Очей тех нет – и мне не страшны гробы,
Завидно мне безмолвие твое,
И, не судя ни тупости, ни злобы,
Скорей, скорей в твое небытие!
4 ноября 1878
Самой мучительной страницей в безжалостной судьбе Фета был его роман с Марией Лазич, дочерью небогатого отставного генерала Лазича. Об этом трагическом романе сам Фет рассказал в письмах к своему другу И. П. Борисову и в воспоминаниях «Ранние годы моей жизни». (В воспоминаниях поэт называет Марию Лазич Еленой Лариной.)
Надежды поэта на получение части имения от брата и сестры и выход в отставку, после чего он смог бы соединить свою судьбу с любимой девушкой, не оправдались. Вскоре Лазич погибла от загоревшегося на ней платья. Был ли это несчастный случай или замаскированное самоубийство? Как бы то ни было, история с Марией Лазич не столько подтверждает легенду о черствости и корыстности Фета, сколько говорит о трагической судьбе, превратившей его на 31 году жизни в человека, вынужденного проститься с самым дорогим в своей душе: «Идеальный мир мой разрушен давно…»
Мотив огня, метафорический пожар в стихотворениях Фета… Не связан ли он со жгучими воспоминаниями о реальном огне, в котором сгорела его возлюбленная?
Е. Полтавец.
‹…› Казалось, достаточно было бы безмолвно принести на трезвый алтарь жизни самые задушевные стремления и чувства. Оказалось на деле, что этот горький кубок был недостаточно отравлен.
Вскорости по возвращении в Крылов я выпросился на несколько дней в Березовку, и в самый день приезда моего к Бржесским появился Михаил Ильич Петкович и, здороваясь со мною, воскликнул:
– А Лена-то!
– Что? Что? – с испугом спросил я.
– Как! – воскликнул он, дико смотря мне в глаза. – Вы ничего не знаете?

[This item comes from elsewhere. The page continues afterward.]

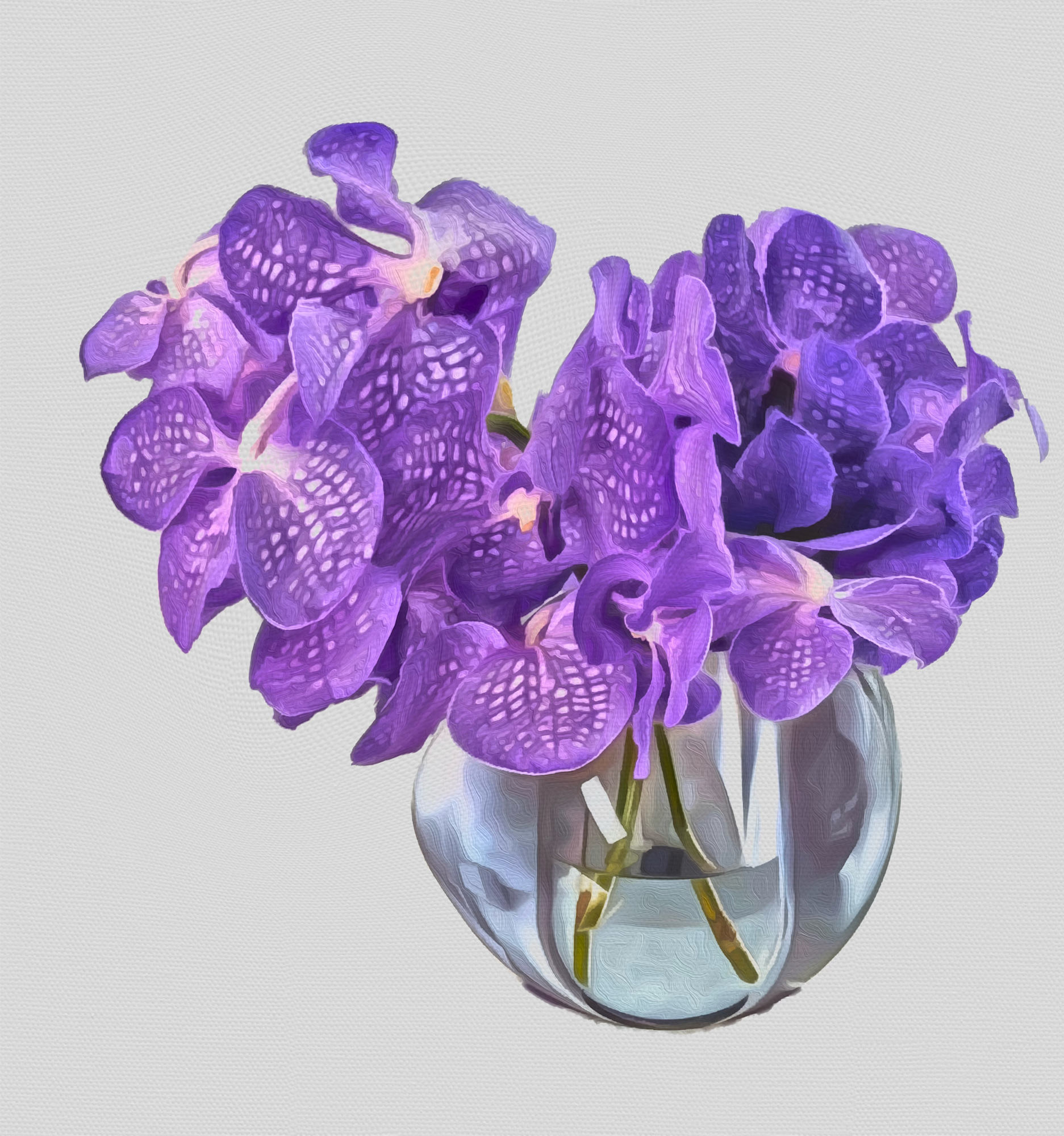 A delicate bouquet of lilac orchids in a small round vase. Elegant and tranquil, the harmonious colours create a serene display of natural beauty.

И видя мое коснеющее недоумение, прибавил:
– Да ведь ее уже нет! Она умерла! И, Боже мой, как ужасно!
Когда мы оба немного пришли в себя, он рассказал следующее:
«Гостила она у нас, но так как ко времени сенной и хлебной уборки старый генерал посылал всех дворовых людей, в том числе и кучера, в поле, то прислал за нею карету перед покосом. Пришлось снова биться над уроками упрямой сестры, после которых наставница ложилась на диван с французским романом и папироской, в уверенности, что строгий отец, строго запрещавший дочерям куренье, не войдет.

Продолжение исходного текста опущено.